-- GIVEN MATERIAL --
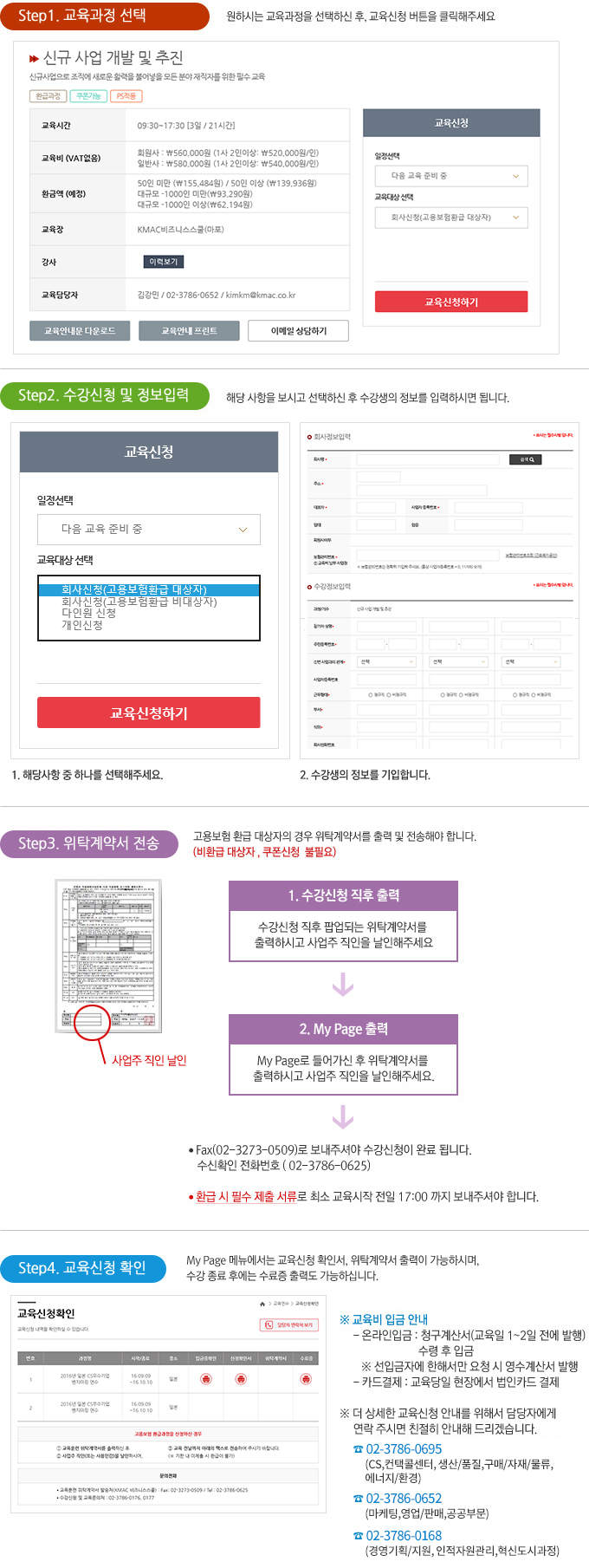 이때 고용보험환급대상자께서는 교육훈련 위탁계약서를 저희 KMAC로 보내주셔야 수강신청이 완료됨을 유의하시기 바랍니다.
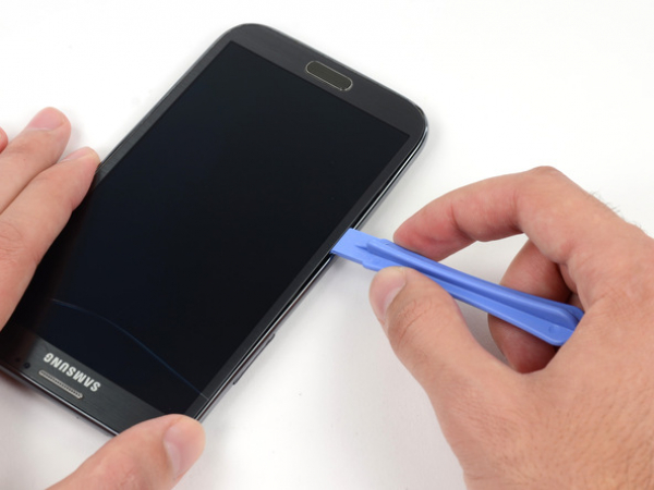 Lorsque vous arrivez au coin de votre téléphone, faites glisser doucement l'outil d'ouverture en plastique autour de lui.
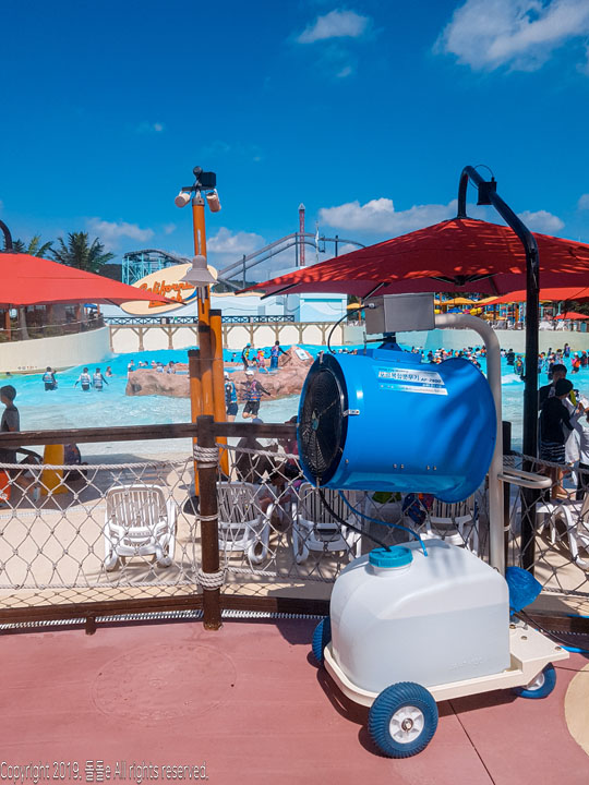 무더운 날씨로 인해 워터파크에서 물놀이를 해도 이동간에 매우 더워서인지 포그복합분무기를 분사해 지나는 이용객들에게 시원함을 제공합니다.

-- WHAT IS BEING ASKED --
Produce the data again character for character, with the images left out.

-- PROBLEM SOLUTION --
 이때 고용보험환급대상자께서는 교육훈련 위탁계약서를 저희 KMAC로 보내주셔야 수강신청이 완료됨을 유의하시기 바랍니다.
 Lorsque vous arrivez au coin de votre téléphone, faites glisser doucement l'outil d'ouverture en plastique autour de lui.
 무더운 날씨로 인해 워터파크에서 물놀이를 해도 이동간에 매우 더워서인지 포그복합분무기를 분사해 지나는 이용객들에게 시원함을 제공합니다.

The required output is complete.